Like the pre race data, I have different file formats for results. One type is .RES which is one file with all of the data I use. The other is a series of files with more data about other aspects of the race. This data is in .1 and .2 files. For my purposes today, both results files have the same information, which is final odds, finish position, and beaten lengths. I will perform a very similar routine on these files as I did for the pre-race data.
#First the .RES data
setwd("C:/Users/Coby/Documents/DailyFiles/Aggregation of Files/RES_type")
temp = list.files(pattern = ".RES$")
myfiles = lapply(temp, read.csv, header = FALSE)
Results = ldply(myfiles, data.frame)
Results = Results[,c(1,2,3,4,5,11,12,14,16,20,21,22)]
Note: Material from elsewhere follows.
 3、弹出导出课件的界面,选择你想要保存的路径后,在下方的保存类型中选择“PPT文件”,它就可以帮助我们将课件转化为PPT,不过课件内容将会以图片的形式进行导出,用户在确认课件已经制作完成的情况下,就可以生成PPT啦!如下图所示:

names(Results) = c('Track', 'RDate', 'RNum', 'Dist', 'Surface', 'FTime',
'TrackCondition', 'PP', 'HName', 'FinishPos', 'finishBL', 'FOdds')
#Then the .1 and .2
setwd("C:/Users/Coby/Documents/DailyFiles/Aggregation of Files/1_6_res")
temp = list.files(pattern = "\\.1$")
myfiles = lapply(temp, read.csv, header = FALSE)
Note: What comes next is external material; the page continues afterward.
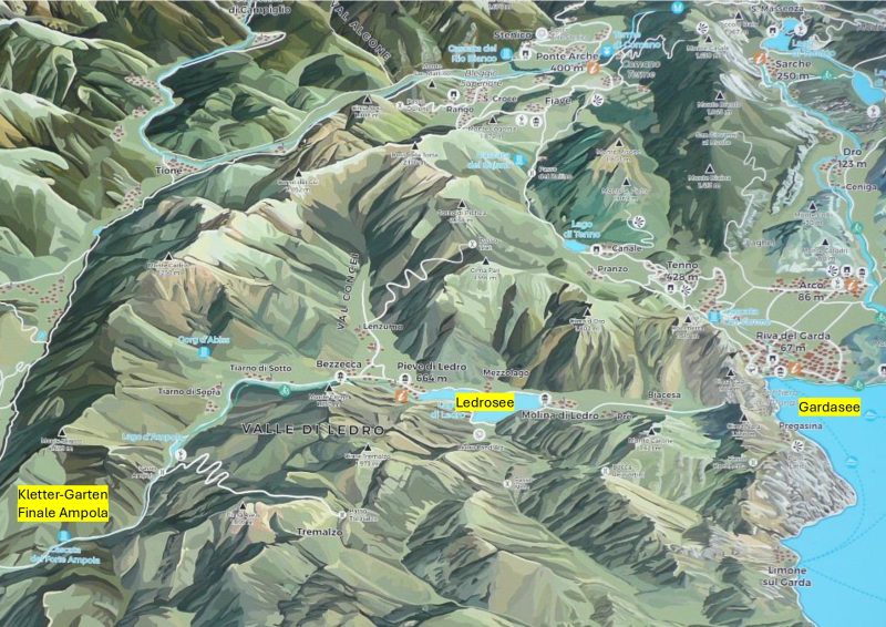 Im hintersten Winkel des Einzugsgebiets von Arco, genauer gesagt am westlichen Ende des Ledrosee-Tals, gibt es den Klettergarten „Finale Ampola“. Das Gebiet ist lediglich in Insiderkreisen bekannt, da es doch einige Kilometer vom Gardasee zum Ampola-Pass hinauf sind. Doch wer den langen Weg in Kauf nimmt, wird mit einigen schönen Sportkletterrouten belohnt.

resRace = ldply(myfiles, data.frame)
resRace = resRace[,c(1,2,3,5,9,44,38)]
names(resRace) = c('Track', 'RDate', 'RNum', 'Dist', 'Surface', 'FTime', 'TrackCondition')
temp = list.files(pattern = "\\.2$")
myfiles = lapply(temp, read.csv, header = FALSE)
resHorse = ldply(myfiles, data.frame)
resHorse = resHorse[,c(1,2,3,5,8,31,60,73)]
names(resHorse) = c('Track', 'RDate', 'RNum', 'HName' ,'PP','FOdds', 'FinishPos', 'finishBL')
#Putting it together
res = merge(resRace, resHorse)
Results = unique(rbind(Results, res[,c('Track', 'RDate', 'RNum', 'Dist', 'Surface', 'FTime',
'TrackCondition', 'PP', 'HName', 'FinishPos', 'finishBL', 'FOdds')]))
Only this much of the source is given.